三越と伊勢丹の経営統合があり、JRとしては京都駅ビルの JR京都伊勢丹 が成功を収めていたということで、
梅田にある他の百貨店との差別化もあって、伊勢丹色を強く出しつつ(cf. 百貨店戦争の創造と破壊)、
三越大阪店の機能を一定引き継いだ百貨店としてJR大阪三越伊勢丹 が生まれたということらしい。だからあれはほぼ伊勢丹だ。
来年春には百貨店だったところは専門店ビル、LUCUA 1100(イーレ)に転換され、その中に百貨店ゾーンとして isetan が入ることとなっている。
結局こうしてノースゲートビルディングに残ったのは伊勢丹だけで、三越大阪店は完全に消えたのだった。
まぁ元々運営会社の名前からして JR西日本伊勢丹 でしたからね。
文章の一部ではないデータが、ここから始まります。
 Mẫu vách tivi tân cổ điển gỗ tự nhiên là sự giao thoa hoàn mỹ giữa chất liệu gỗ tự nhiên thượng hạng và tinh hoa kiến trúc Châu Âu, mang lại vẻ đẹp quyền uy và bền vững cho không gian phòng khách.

JR京都伊勢丹を運営していた会社が運営に当たっただけだけど。
とにかくダブルブランドが好きなのが都ホテルだ。
ウェスティン都ホテル京都、シェラトン都ホテル大阪、大阪マリオット都ホテル、シェラトン都ホテル東京 の4つかな。
この名前で言われてもピンとこないけど、ウェスティン都ホテル京都が蹴上にある都ホテルの元祖で、シェラトン都ホテル大阪が上本町のやつで、大阪マリオット都ホテルがあべのハルカスのやつね。
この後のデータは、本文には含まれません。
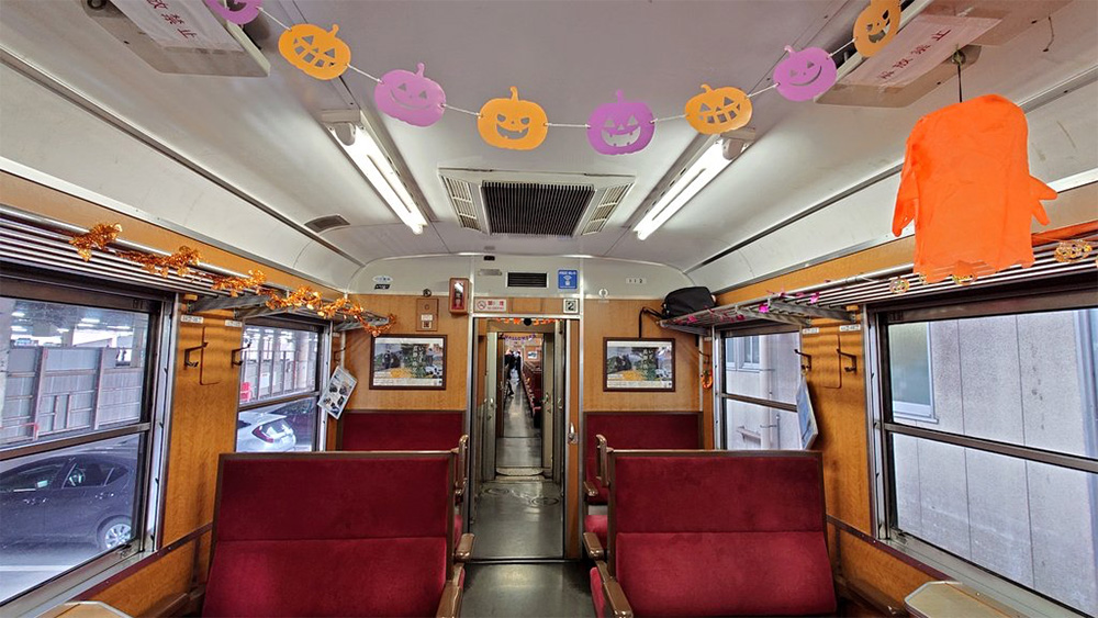 SL HALLOWEEN EXPRESS は、ヘッドマークが特別仕様で、車内もハロウィン装飾されています。

いずれも運営会社はあくまでも近鉄ホテルシステムズ、だから都ホテルだ。最近出来た大阪マリオット都ホテル以外は元は都ホテルのブランドだけだった。
こうして世界的に展開しているホテルのブランドを冠しているのは外国人客の集客を意図してのことらしい。
ウェスティン・シェラトンのブランドが付いている3つのホテルはスターウッドホテル、大阪マリオット都ホテルはマリオットホテルの一覧に記載されて、
共通のWebサイトより予約を行うことができるようになっている。こうして全世界にわたる集客チャネルを手に入れられたわけだ。
実際、ウェスティン都ホテル京都 はダブルブランドになってから、外国人客が急増したらしい。
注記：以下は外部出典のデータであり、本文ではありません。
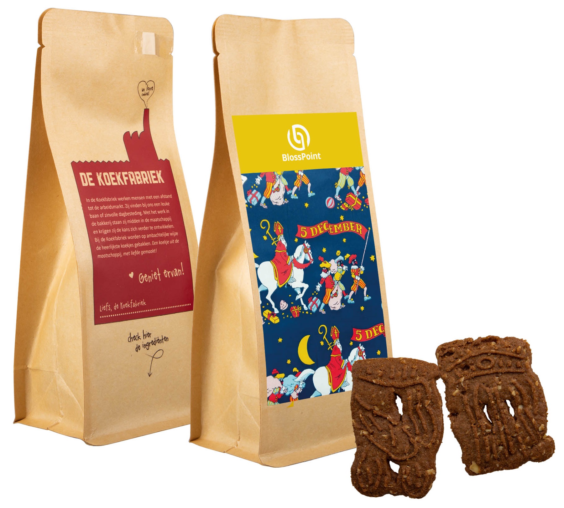 Onze koekjes zijn verkrijgbaar in verschillende varianten en kunnen op diverse manieren gepersonaliseerd worden: sommige kunnen rechtstreeks op het koekje bedrukt worden, bij andere kan het zakje of de verpakking worden voorzien van uw logo, en bij blikjes kan een wikkel of etiket worden toegevoegd. Ook in bulk leverbaar, ideaal voor horeca, kantoren en andere zakelijke omgevingen.

最近はこういう世界的に展開するホテルが日本にも多く進出してきているが、単独で日本進出してきたことをうかがわせるホテルも多い。
そんな中ではこれらのホテルは完全に都ホテルで、ブランド名だけ借りているというところに特色がある。
そりゃもちろんそれぞれのブランドの基準を満たした上でブランド名を使っているわけだろうけどさ。
他の外資系ホテルの進出と関連づけて、大阪マリオット都ホテルも同様に書かれることがあったが、
運営会社は近鉄100%子会社なのだから純国内資本のホテルで、あくまでも世界的ホテルブランドを冠しているだけだ。
百貨店と百貨店、ホテルとホテル、まぁ普通は同じ業種のブランドを重ねるものだけど、
東京・新宿のビックロはビックカメラとユニクロの両ブランドを付けているということになっている。
いや、あくまでも両店舗は別々に存在してるですけどね。
ビックカメラとしての店舗名は「ビックロ ビックカメラ新宿東口店」、ユニクロとしての店舗名は「ビックロユニクロ新宿東口店」だ。
一応、両店舗の融合を意図しての命名なんですけどね。
最初に書いたジュンク堂と丸善のダブルブランドの意図だが、どちらも書店とはいえ、それぞれ違うところに強みがある。
ジュンク堂はなんでもある書店を追及して、本の品揃えを充実させてきた。
一方の丸善は書店であるとともに、本・文具・雑貨などの輸入販売にも取り組んできた。
だから、丸善の店舗の中には文具専門店なんてものもある。ジュンク堂と丸善の文具専門店を合わせた店もある。
MARUZEN&ジュンク堂書店 はその考えを書店でも表したものなのだろうが、その明確な違いはようわからん。
JR大阪三越伊勢丹にしてもそうだけど、それぞれの特色を取り入れたとは言うものの、元々百貨店なり書店というところでは共通するわけで、
そんな簡単に分けられるもんでもないわな。MARUZEN&ジュンク堂書店はほぼジュンク堂なのではという気はしているけど。